And if suddenly the sons shall have died let the daughter receive those lands as the sons would have done had they been alive. And if he not the vicini. And if suddenly the brother shall die not leaving a brother surviving, then let a sister succeed to the possession of that land.…

The remainder of the clause is very difficult to construe in the imperfect state of the text, and it is not necessary to dwell upon it. It seems to apply to newcomers (‘qui adveniunt’) and their rights inter se.[119]

We have then in these clauses an allusion to ancient tribal custom as well as to the change made necessary by the new circumstances.

Analogy of Cymric custom.

The implication is that under the rule of ancient custom, on a brother’s death without children, his brothers did not succeed to his land, but the vicini. Now the brother is to succeed, not the vicini.

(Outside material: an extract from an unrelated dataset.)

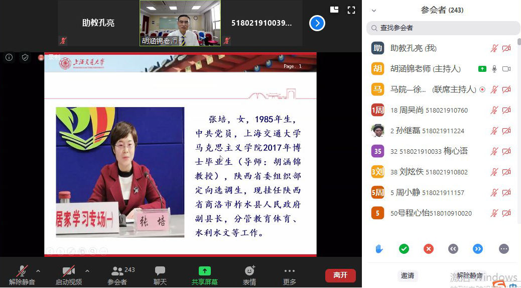 优秀博士毕业生、现挂职陕西省商洛市柞水县副县长张培“走进”在线直播课堂。张培以“全面小康路上的柞水实践”为题,向同学们生动讲述了她所在的国家级贫困县以“小木耳大产业”实现脱贫摘帽的精彩故事。

At first sight this seems unnatural and unlikely. But it ceases to be so if we may regard the alod of terra Salica as a family holding under conditions somewhat like those of the gwely. For under Cymric custom the brother did not succeed to the childless brother as his heir. The co-inheritors, as far as second cousins, were his heirs. In other words the lapsed share went to his vicini, but they were the kinsmen of his own gwely.[120]

Nor did a brother succeed to his brother’s da, and the grazing rights and homestead connected with it. He had received this da, as we have seen, from his chief of kindred by ‘kin and descent,’ i.e. by tribal right in his kindred, and therefore if he should die without children his da and everything he had by kin and descent went, not to his brothers, but back to the kindred or the chief of kindred from whom he received it.

If the son die after 14 years of age and leave no heir, his ‘argluyd’ is to possess all his da and to be in place of a son to him and his house becomes a dead-house. (Ven. Code, i. p. 203.)[121]